*** DATA EXTRACT ***
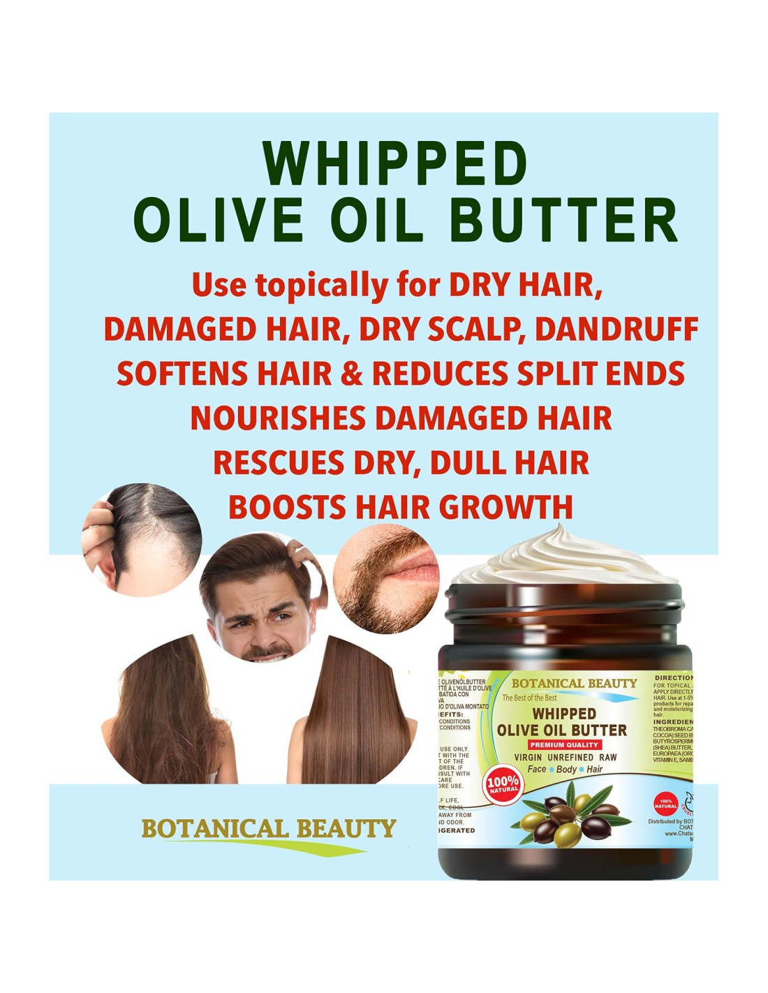La Mantequilla de Aceite de Oliva Batida Botánica es una infusión de Aceite de Oliva Orgánico en Mantequilla de Nuez de Karité (Butyrospermum Parkii) y Mantequilla de Cacao Orgánica. La Mantequilla de Aceite de Oliva Batida Botánica es no comedogénica, ligera y no obstruirá tus poros. Un poco rinde mucho, se absorbe rápidamente, no es grasosa, no se ha probado en animales, SIN CONSERVANTES, Colores o Fragancias Artificiales. MANTENER REFRIGERADO. La Mantequilla de Cacao Orgánica de Crecimiento Silvestre se obtiene de la primera prensada pura de granos de cacao sin cáscara, cosechados de plantaciones de crecimiento silvestre en Brasil con el mayor contenido de ácido láurico, palmítico, esteárico y otros ácidos, y vitamina A, vitamina E. La MANTEQUILLA DE KARITÉ es un superalimento natural para la piel y el cabello de la nuez de Karité africana. Es la fuente natural más rica de vitamina A, vitamina E, vitamina F y ácidos grasos. El Aceite de Oliva Orgánico Extra Virgen Prensado en Frío es el más rico en vitaminas y minerales. Úsalo tópicamente para piel dañada como QUEMADURAS, HERIDAS, CORTES, CICATRICES, PICAZÓN, ESCAMOSO, CICATRICES DE ACNÉ, PIEL SECA, PIEL AGRETADA, Manos Agrietadas, LABIOS RESECOS, CELULITIS, CONDICIONES DE PIEL IRRITADA COMO ECZEMA y PSORIASIS, es ideal para calmar la piel seca y escamosa. Antienvejecimiento, Antarrugas, Iluminador, Hidratante, Humectante, Nutritivo, Rejuvenecedor, Suavizante, Acondicionador. Es un poderoso aceite hidratante, perfecto Aceite Hidratante Natural para la Piel, Aceite Facial para la Piel, Suero Hidratante para la Piel, Hidratante para el Rostro, Aceite para el Rostro, Aceite para el Cabello. Es tan rico en vitaminas y minerales que es el mejor aceite para productos de cuidado de la piel natural y antienvejecimiento con propiedades restauradoras para todo tipo de piel, especialmente para tipos de piel SECAS y MADURAS. Úsalo tópicamente para CABELLO SECO, CABELLO DAÑADO y CUERO CABELLUDO SECO, CASPA. Sus propiedades hidratantes pueden ayudar a calmar condiciones irritadas o con picazón del cuero cabelludo. Repara las puntas abiertas y los cabellos quebrados, doma el cabello encrespado, suaviza la superficie y fortalece y suaviza el cabello. Al fortalecer e hidratar tu cabello, ayudas a que retenga ondas y rizos.
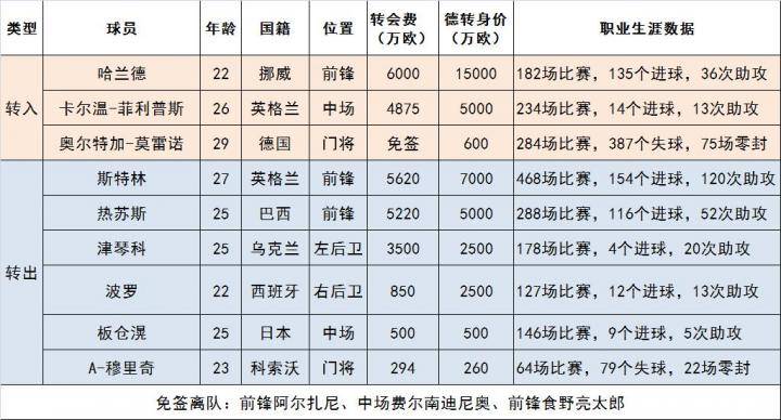 球员转入: 在今年夏窗,曼城花费了约1亿欧元引进了挪威锋霸哈兰德和英格兰中场菲利普斯,德国门将莫雷诺也免签加盟球队。
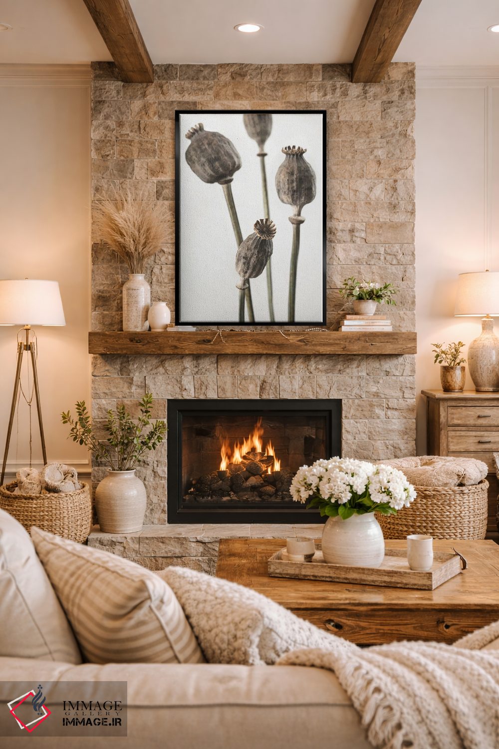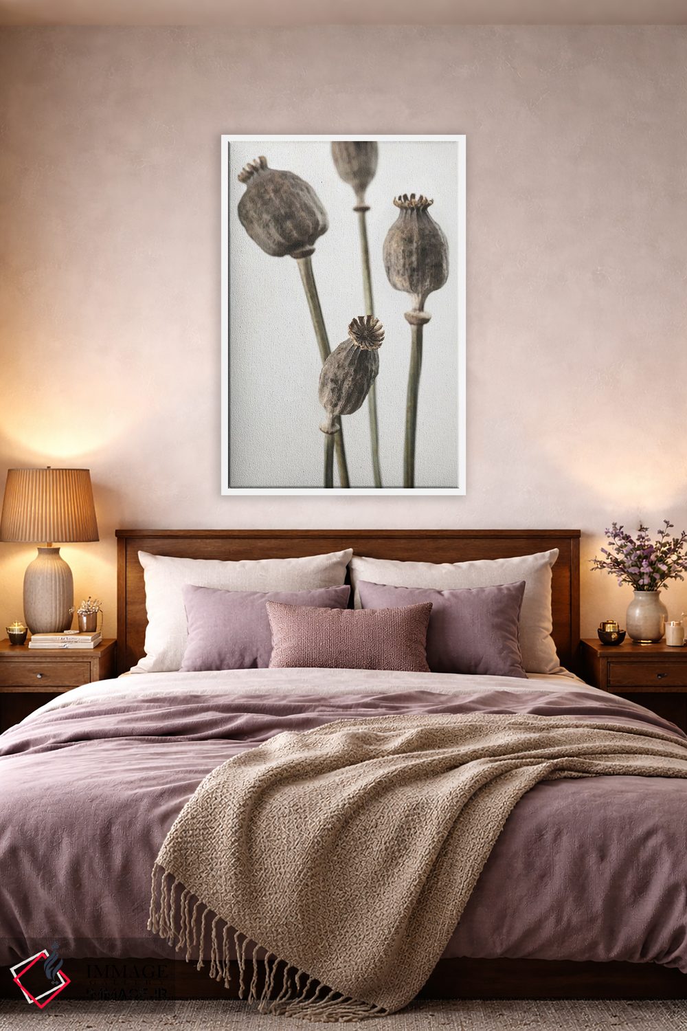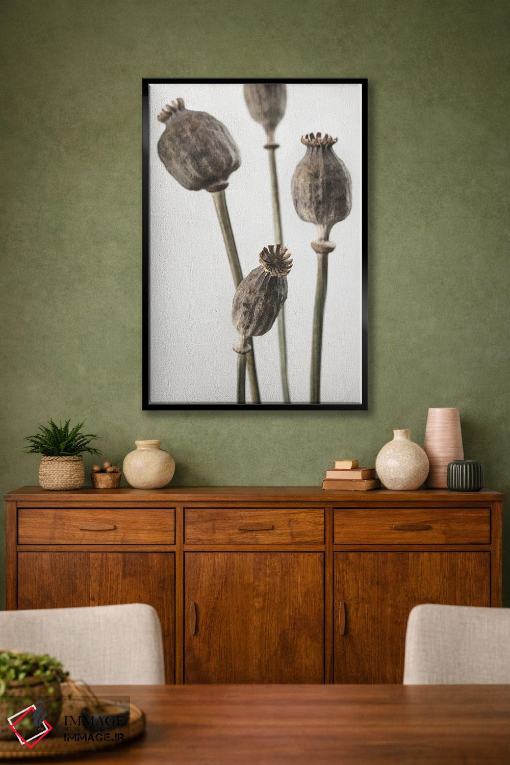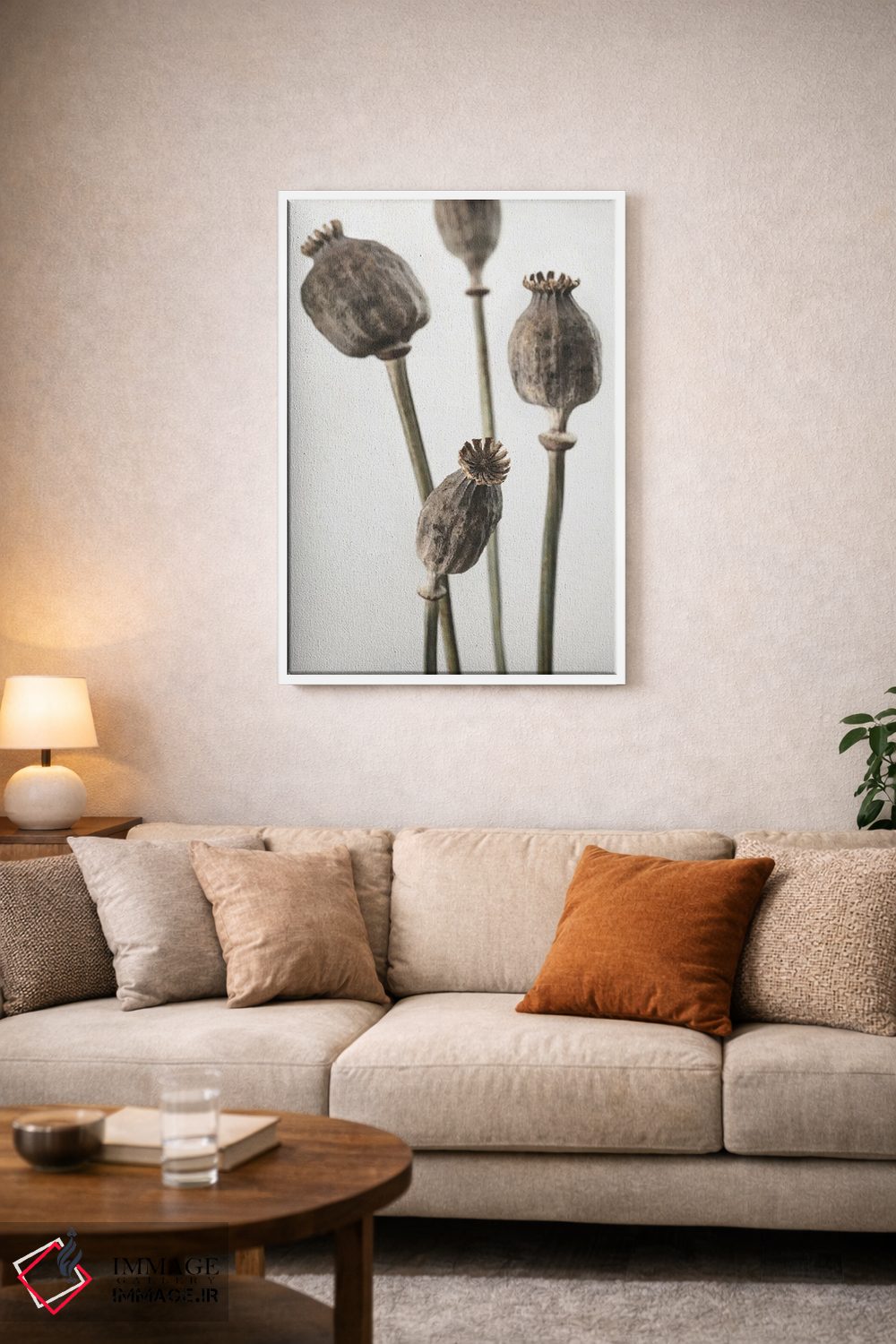 براساس پالت خنثی اثر، قاب بلوط روشن (چوبی) پیشنهاد اول است و استخوانی ملایم مکمل. برای سفارشهای پروژهای با ابعاد و قابهای اختصاصی با ایماژ در تماس باشید.
*** End of DATA EXTRACT ***
◆ EXERCISE DIRECTIONS: Please copy the data above word for word, but only from the line that contains "球员转入: 在今年夏窗,曼城" through the final line, both included, and without the pictures.

◆ RESULT BELOW:
 球员转入: 在今年夏窗,曼城花费了约1亿欧元引进了挪威锋霸哈兰德和英格兰中场菲利普斯,德国门将莫雷诺也免签加盟球队。
 براساس پالت خنثی اثر، قاب بلوط روشن (چوبی) پیشنهاد اول است و استخوانی ملایم مکمل. برای سفارشهای پروژهای با ابعاد و قابهای اختصاصی با ایماژ در تماس باشید.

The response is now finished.